Since at least 2005 (the article reference will be given later in this posting), researchers have been aware that silver nanoparticles can block the HIV virus from entering a cell. The latest work in this area has resulted in a vaginal cream laced with silver nanoparticles according to a Jan. 28, 2014 news item on ScienceDaily,
Lara Villegas [Humberto Lara Villegas, specialist in nanoparticles and virology from the University of Monterrey, Mexico (UDEM)] explained that HIV makes its entry to immune cells (CD4) of the organism with the aid of a protein known as GP120, which allows the virus adherence to the cells. This same principle is used by silver nanoparticles to attach themselves to this protein and block it, turning the virus inactive.
The Mexican researcher informed that the cream has been tested in samples of human tissue and has proven the efficiency of silver nanoparticles to avoid the transmission of the virus through cervical mucous membrane.
The Jan. 28, 2014 Investigación y Desarrollo news release (on the Alpha Gallileo website), which originated the news item, provides additional details from Lara Villegas’ perspective,
The researcher from UDEM, who has worked in Israel and The United States, assured that after applied, the cream starts to work in less than a minute, and has an effective protection of up to 72 hours.
Given that the function of this product is the inactivation of the virus, although this is a vaginal cream, will also protect the sexual partner.
“Normally – he highlighted-, the medication used against the virus act within the cell to avoid its replication. This is a very different case, given that the nanoparticle goes directly against the HIV and no longer allows its entry to the cell”.
So far, no toxicity of the silver nanoparticles has been reported, although he added that research is yet to be performed to evaluate the possible side effects of silver properties.
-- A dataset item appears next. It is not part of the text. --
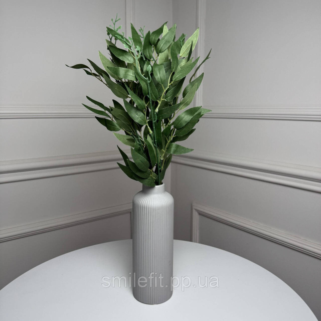 Штучний букет рускусу у природному зеленому кольорі виглядає свіжо та стримано, імітуючи живу декоративну зелень. Акуратні витягнуті листки з...
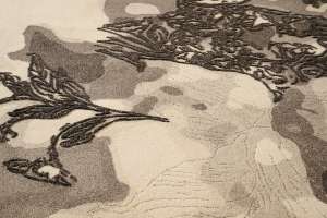 Un foisonnant bouquet, dont le tracé monochrome évoque la gravure, se déploie sur la surface de Floras Natural dans une harmonie de ton sur ton de laines naturelles.

“Right now, I am certain that this microbicide is going to avoid the virus entering the organism, but I cannot yet assure that is totally harmless, because the clinical trials are a long and expensive process”, the researched added.
He exposed that the use of gels are usually accompanied by irritation, which favors the entry of the virus, which is why the cream was enriched with an anti-inflammatory effect.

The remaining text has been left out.